The Alexander Company built houses all over Palm Springs and once we recognized the formula, it was like going on an Easter Egg hunt finding them all around town. Luckily, PS recognizes most of these houses as significant and so there was always a plaque to verify our find.

I really like this one.

Below is an Alexander home designed by Bill Krisel. It was called "The House of Tomorrow" and was supposed to be the original spec house for the neighborhood, but Bob Alexander's wife fell in love with it and demanded they keep it for themselves. Those polygonal floating windows are for the main bedroom. And those odd things to the side are called "bat wings." Another fun fact: Elvis spent his honeymoon here.
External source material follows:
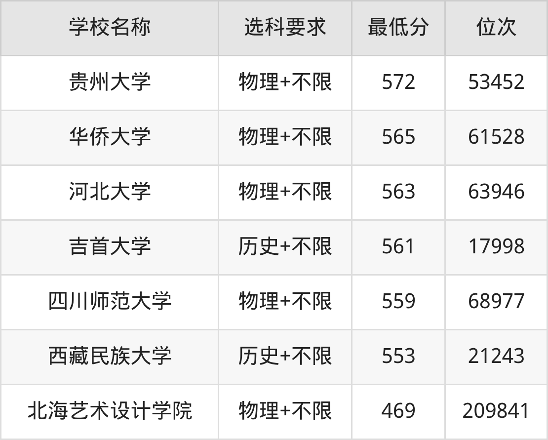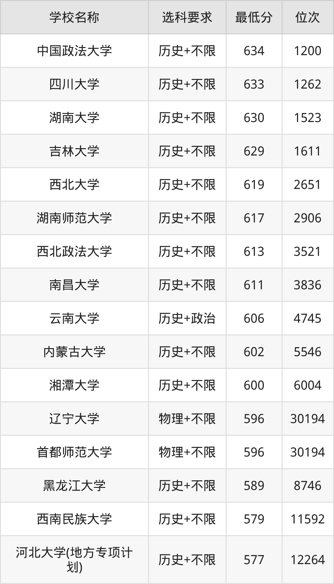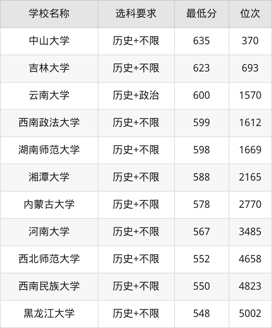 在内蒙古招生的院校中,有10所不限选科要求(历史组),如中山大学、吉林大学等;有1所要求考生必选“历史+政治”,如云南大学。
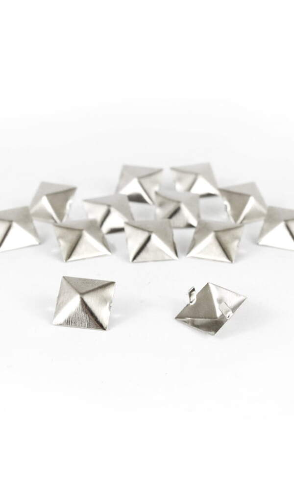 Kovové cvočky ve tvaru pyramidy. Cvočky lisované z nerezového plechu. Rozměry: 1,5 x 1,5 cm. Způsob připevnění: zasunutí do otvorů a ohnutí nohou. Cena za 1 položku

This house is not an Alexander. It's called 'The Ship of the Desert' and was built in the '30s by Wilson and Webster. Amazing how modern it still looks, 70 years later. No one would blink an eye at this house being built in LA today.

Thank goodness for zoom lenses. This is the famous Bob Hope house built by John Lautner in the 70's. Lautner was famous for his 'flying saucer' homes like the Chemosphere House here in LA. Apparently, Bob Hope and John Lautner fought over every aspect of this design.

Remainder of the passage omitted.